Numpy and Simulations

Random numbers

An important part of any simulation is an element of randomness. If, for example, there are 10,000 possible things that can happen in your simulation (e.g. genes to mutate or molecules to interact) you want to understand the effects of as many of them as possible. One way to do that is to try them one at a time, starting with the first and going through the list. This might be impractical due to it taking too much time, computer memory, etc.

Another option is to "sample" from the possible options, e.g. just try out 100 of them. This will take less time but you must be careful how you choose which ones to try. A naïve approach would be to do the first 100 in the list, but this will very likely lead to a bias (perhaps all the genes controlling movement are near the beginning of the genome).

The best way to avoid these biases is to select your sample as randomly as possible.

numpy provides lots of very good tools for generating random numers, depending on exactly what you want to use them for.

In [1]:
from numpy.random import default_rng

rng = default_rng()

This rng is our "random number generator". Depending on what we want from it, it can provide randomness in lots of different ways.

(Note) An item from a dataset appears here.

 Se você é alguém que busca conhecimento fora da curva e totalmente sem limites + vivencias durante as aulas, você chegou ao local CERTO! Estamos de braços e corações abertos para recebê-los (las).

The simplest is the random method it provides:

In [2]:
rng.random()
Out[2]:
0.8153786322096002

You will get a different number to what I have here and if you rerun the line of code, it will keep giving you different values. They will always be $0 \le r \lt 1.0$ and should sample over that range evenly.

As we saw with np.zeros and np.ones in the last chapter, you can request an array of random numbers by passing in a size argument. So to get three random numbers:

In [3]:
rng.random(size=3)
Out[3]:
array([0.78074909, 0.98814236, 0.24077928])

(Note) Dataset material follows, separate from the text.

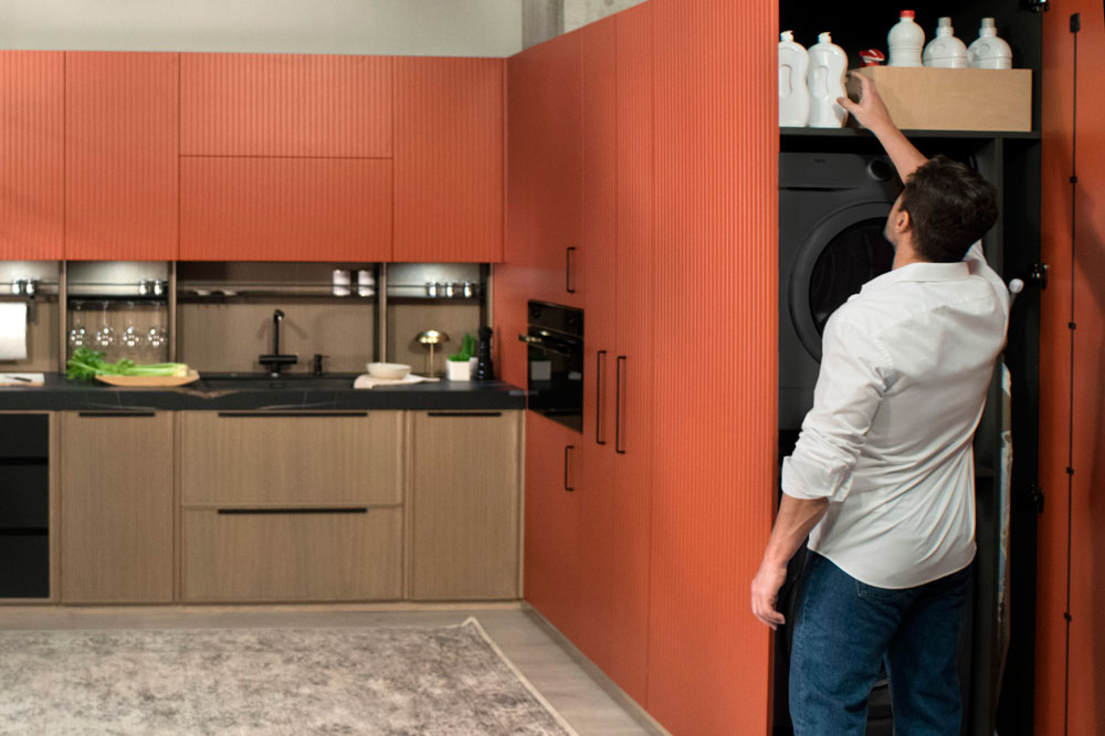 Pero es en los detalles donde demuestra su inteligencia: un armario lavadero perfectamente integrado permite ocultar la zona más práctica de la casa sin renunciar a la estética.

or even a $2\times4$ grid:

In [4]:
rng.random(size=(2, 4))
Out[4]:
array([[0.29462796, 0.88065677, 0.93041109, 0.26346213],
       [0.48620935, 0.8908907 , 0.75843885, 0.6226575 ]])

If you want integer values instead then there is an integers method which give you integers in the range from 0 to the value you specify:

In [5]:
rng.integers(20)
Out[5]:
19

Or again, asking for 10 of them:

In [6]:
rng.integers(20, size=10)
Out[6]:
array([ 3, 18,  4,  3, 12, 16, 19,  8,  1,  0])

You can also specify the lower bound explicitly, so to get numbers between 4 and 6:

In [7]:
rng.integers(low=4, high=6, size=10)
Out[7]:
array([5, 5, 5, 5, 5, 4, 5, 4, 5, 5])

You'll notice that you'll always get only 4 or 5. By default the integers method doesn't include the upper bound (just like with range()). You can tell it to include it by setting endpoint=True:

In [8]:
rng.integers(low=4, high=6, endpoint=True, size=10)
Out[8]:
array([5, 4, 4, 5, 6, 5, 4, 4, 5, 5])

Exercise 1

Generate an array with 3 rows and 5 columns, containing random integers which are $-5 < r <= 8$

Pseudo-randomness

Random number generators in computers work by implementing an algorithm. Algorithms like this are purely deterministic, that is, if you start with the same input and run them many times, they'll always give you the same output. This is because at their core they are just performing mathematical operations to numbers. For this reason, they are often referred to as "pseudorandom number generators".

We can see this action by explicitly setting the place from which the random number generator should start with the seed:

In [9]:
seeded_rng_1 = default_rng(seed=42)
seeded_rng_1.random(size=5)
Out[9]:
array([0.77395605, 0.43887844, 0.85859792, 0.69736803, 0.09417735])

If we make a second random number generator, but set the same seed, we will see exactly the same "random" numbers being produced:

In [10]:
seeded_rng_2 = default_rng(seed=42)
seeded_rng_2.random(size=5)
Out[10]:
array([0.77395605, 0.43887844, 0.85859792, 0.69736803, 0.09417735])

If we set the seed to a different value, then we will get a different sequence:

In [11]:
seeded_rng_3 = default_rng(seed=8)
seeded_rng_3.random(size=5)
Out[11]:
array([0.32697228, 0.98727684, 0.31871084, 0.78854894, 0.86989651])

If we do not set any seed, then the operating system will provide a random starting point for us.

Having a fixed seed is useful if we want random-type behaviour but also repeatability. This is particularly useful when debugging your code.